I have two internal dns servers set up and all my servers have both of them in the resolv.conf Our main dns server went down and suddenly no server could see each other. I edited a few of the servers resolv.conf manually and committed out the first (down) dns server and that machine would instantly be able to ping again. What did I do wrong, does it not auto switch to the secondary dns server when it times out?
# File managed by puppet
nameserver 192.168.146.100
nameserver 192.168.159.101
;nameserver 72.14.188.5
domain example.com
search example.com
It's likely that the default timeout is too long and that apps are breaking as a result. Keep in mind that the resolver will go start with the first entry in /etc/resolv.conf -every- time it's called (notwithstanding cached entries).

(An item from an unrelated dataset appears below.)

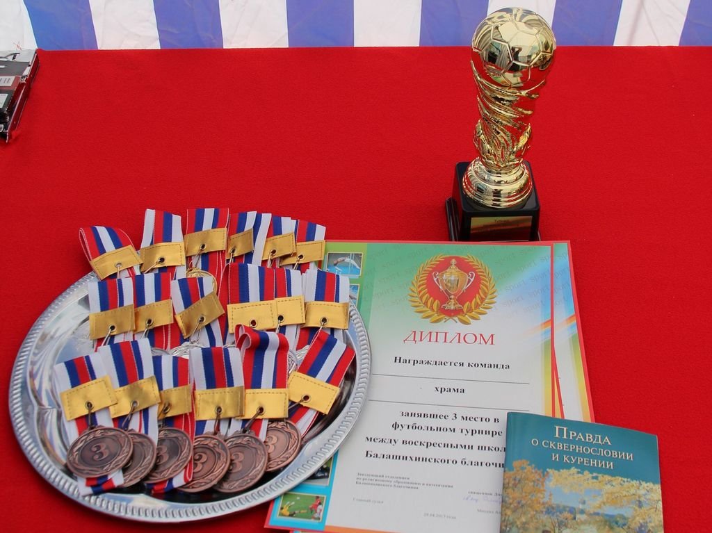 29 апреля на территории Преображенского храма мкр. Саввино прошел футбольный турнир между командами воскресных школ храмов Балашихинского благочиния. В турнире приняло участие восемь воскресных школ. Всем детям были вручены памятные медали и подарки. По окончании турнира на территории храма прошла акция «Лес Победы». В завершение турнира сборная детей воскресных школ сыграла товарищеский матч с командой духовенства Балашихинского благочиния.

Try adding something like "options timeout:.5" or similar (see the man page - http://linux.die.net/man/5/resolv.conf) to let the local resolver try alternate name servers sooner. Be careful of making this value too low, as some recursive lookups can legitimately take quite a while.

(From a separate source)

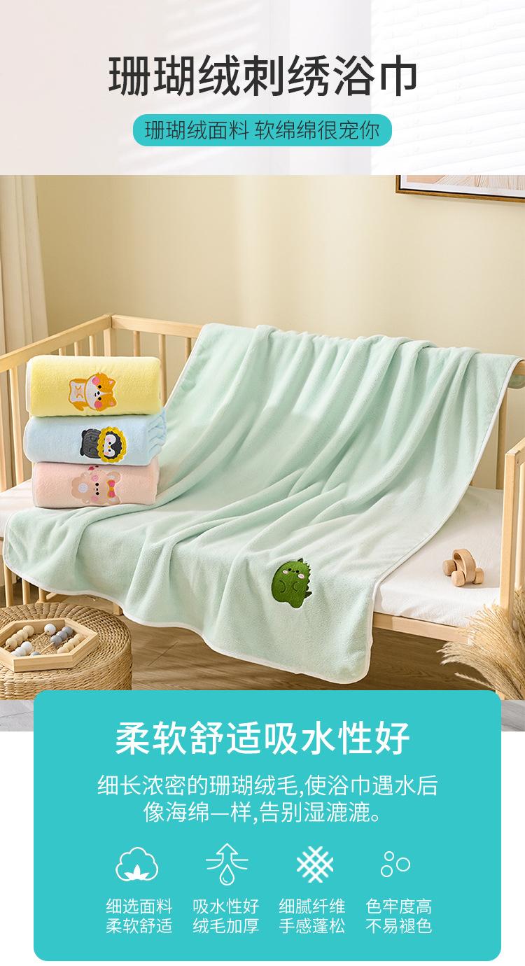 Toalla de baño de coral polar con dibujos animados bordados, manta absorbente suave para recién nacidos, toalla de baño para bebé.

In addition to decreasing the timeout, you may want to add
options rotate
which causes the resolver to vary which nameserver it starts with. This means that when the first server is unavailable, at least some of the time the resolver will start by querying the second server. Of course, it does mean that the effect of the second nameserver failing is more noticable.It's supposed to be transparent and just work. All I can think is there is an abnormal timeout on the first server. Can you reliably reproduce the problem?